Keywords: Text mining, NLP, information retrieval, machine learning, data mining, knowledge discovery
Objective: The availability of data is rapidly increasing, while data driven research approaches still suffer from the problem that observations are not collected in central accessible data bases. Mass accumulation rates (MAR) at the seafloor are a good example. This fundamental parameter has been measured since more than one hundred years at numerous locations around the globe. However, the MAR data were never compiled in a data base but reported in a very large number of individual publications. Hence, current global MAR maps are not based on a comprehensive MAR data set but on simple empirical correlations with e.g. water depth (Burwicz et al., 2011). This PhD project addresses the above-mentioned problem by investigating a general text-mining based approach for pooling information and discovering knowledge from large collections of text documents (publications). The challenges of this project go beyond the traditional challenges on text mining, i.e. clustering and classification on unstructured data. In this interdisciplinary project, a domain-knowledge driven approach will be followed, that enables the incorporation of expert knowledge into the text mining process. Instead of aiming at approaches using data mining and machine learning as black boxes, interactive, potentially semi-supervised, data mining and machine learning approaches have to be developed and investigated. In addition, methods for merging the information and knowledge extracted from the documents into a central knowledge base to provide the basis for further domain specific analysis have to be developed and investigated. The overarching aim is to discover solutions to answer advanced domain specific research questions based on an existing domain specific literature base.

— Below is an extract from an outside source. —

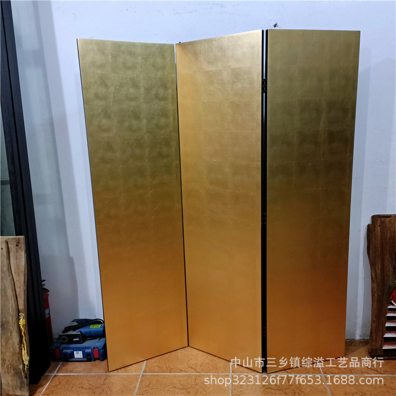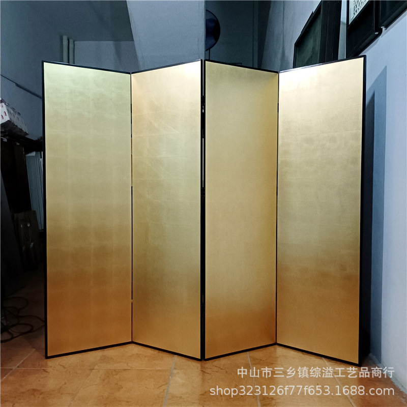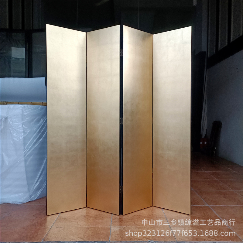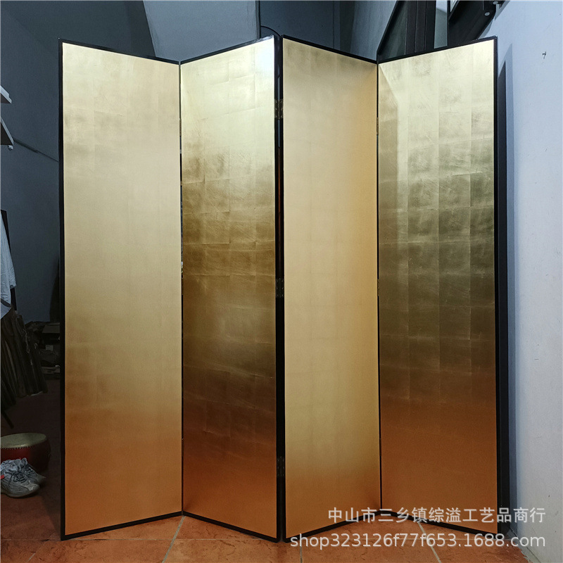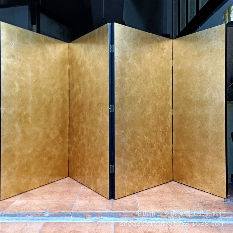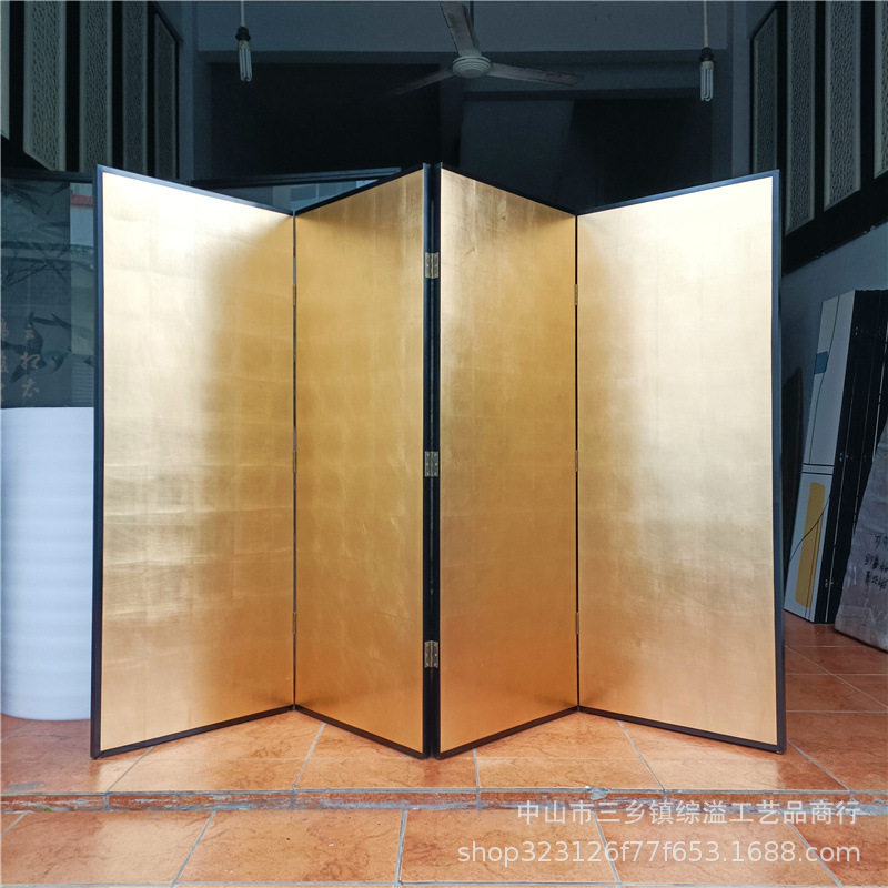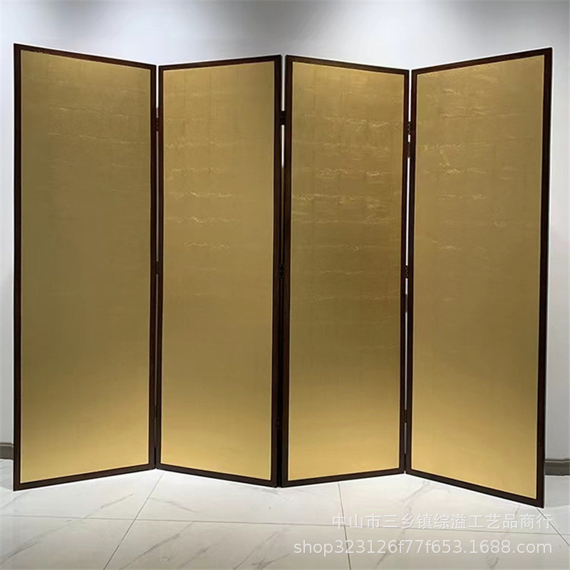 그물 금박 스크린 빈 접이식 스크린 일반 금박 복고풍 거실 다실 호텔 간단한 단단한 나무 칸막이 배경 벽

Aim and Tasks: Our study that will mainly address MAR data to answer marine geological questions, serves as a blueprint and a proof of concept that would be useful for diverse other research fields facing the same problem. In this project, novel advanced marine science domain driven text mining methods designed for interactive semi-superviced operations need to be developed and investigated to i) automatically identify scientific publications that present or refer to relevant MAR data, ii) extract MAR and accompanying meta-data from these publications guided by expert knowledge, and iii) integrate this information into a semantically rich MAR-knowledge base to answer advanced marine science questions. The resulting approach will be implemented as a software tool that will be tested and trained using GEOMAR’s OceanRep, an open access digital collection of scientific publications. Subsequently, the new software tool will be applied to larger sets of publications, to extract as many MAR data as possible, and compile a comprehensive MAR data set and knowledge base following data fusion concepts [Patel et al., 2018a,b].
Burwicz, E.B., Rüpke, L.H. and Wallmann, K. (2011) Estimation of the global amount of submarine gas hydrates formed via microbial methane formation based on numerical reaction-transport modeling and a novel parameterization of Holocene sedimentation. Geochim. Cosmochim. Acta 75, 4562-4576.
Patel, H., Paraskevopoulos, P., & Renz, M. (2018a). Data fusion of diverse data sources: enrich spatial data knowledge using HINs. In Proceedings of the Fifth International ACM SIGMOD Workshop on Managing and Mining Enriched Geo-Spatial Data (pp. 13-18). ACM.
Patel, H., Paraskevopoulos, P., & Renz, M. (2018b). GeoTeGra: A System for the Creation of Knowledge Graph Based on Social Network Data with Geographical and Temporal Information. In 2018 IEEE/ACM International Conference on Advances in Social Networks Analysis and Mining (ASONAM) (pp. 617-620). IEEE.